Implementing Peers in Newly Integrated Health Settings

Schedule:
Sunday, January 18, 2015: 10:30 AM
Balconies I, Fourth Floor (New Orleans Marriott)
* noted as presenting author
Elizabeth Siantz, MSW, PhD Candidate, University of Southern California, Los Angeles, CA
Background: Many studies support that peer providers are equally or more effective than non-peers in providing mental health services.  Peers also play critical roles in the implementation of integrated health care teams under health care reform, including health navigation, wellness coaching, and facilitating chronic disease self management groups. While evidence is accumulating that peers are critical members of integrated teams, little is known about their specific roles or the factors that facilitate their successful implementation.   The purpose of this presentation is to describe the roles of peers within newly implemented integrated health care programs designed to serve the physical health care needs of adults with mental health and co-occurring physical heath conditions.  These programs have been implemented within the Los Angeles Department of Mental Health as the final project of the Mental Health Services Act.

Methods: Full day on-site program visits were conducted at 24 integrated pilot programs by teams of implementation monitors during the summer of 2013.  Implementation of newly integrated care programs was evaluated using the Integrated Treatment (IT) Tool.   Data for this presentation were derived from IT Tool questions specifically addressing the role of peers.  Data sources included in-depth semi-structured interviews with program staff, clinic observation, and chart review. Following site visits, evaluators independently scored and provided rationale for each of the 30 items contained within the IT-Tool. A final program report reflected group consensus.

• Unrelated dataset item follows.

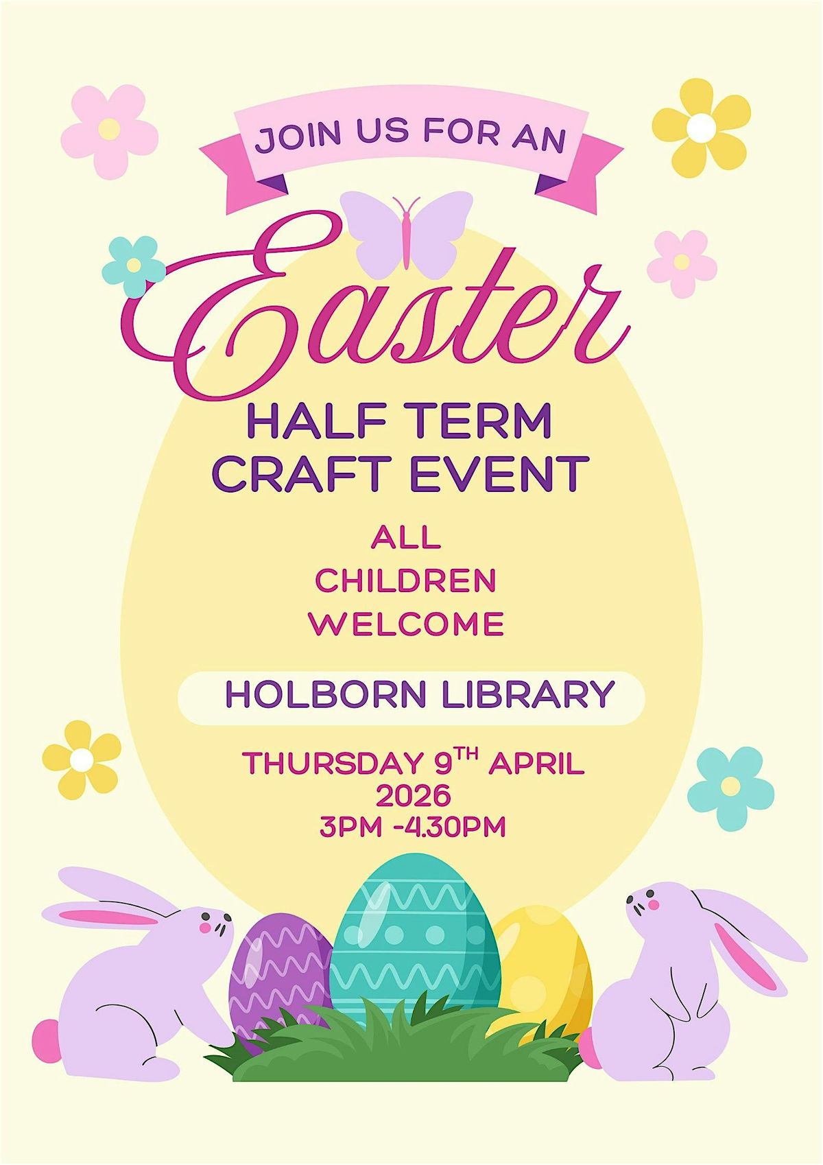 Celebrate the Easter half term with a fun and creative craft session at Holborn Library! Children are invited to drop in and enjoy a variety

Results: Programs that implemented peers fit within 1 of 3 possible models that include: Integrated clinic model (n=3); Integrated Assertive Community Treatment (n=5); and models designed to build on the specific strengths of underserved ethnic communities (n=7). Integrated programs utilized different criteria that individuals must meet to be eligible for the role of peer, and the roles of peers varied substantially by program type. Peers on ACT teams played central roles in treatment planning and benefits coordination in collaboration with other team members.  Peers in co-located settings had received training in evidence-based practices such as Wellness Recovery Action Planning.  Culturally specific programs had varying definitions of what constituted a peer, and included individuals who shared a cultural and linguistic background with their clients, independent of a psychiatric diagnosis.  Nine of 24 integrated programs had not implemented peers at the time of evaluation.  Many non-implementing sites shared the sentiment that peers would not be appropriate additions for their staff given the high co-occurrence of addictions in their consumer population, though many also aspired to include peer support in the future. 

Discussion: Peers can provide valuable supports to clients receiving health care in integrated settings.  Questions emerged from this analysis regarding the definition of peer and the precise nature of their roles within newly integrated programs.  Additional research is needed to understand the depth of peer involvement in interdisciplinary health care teams.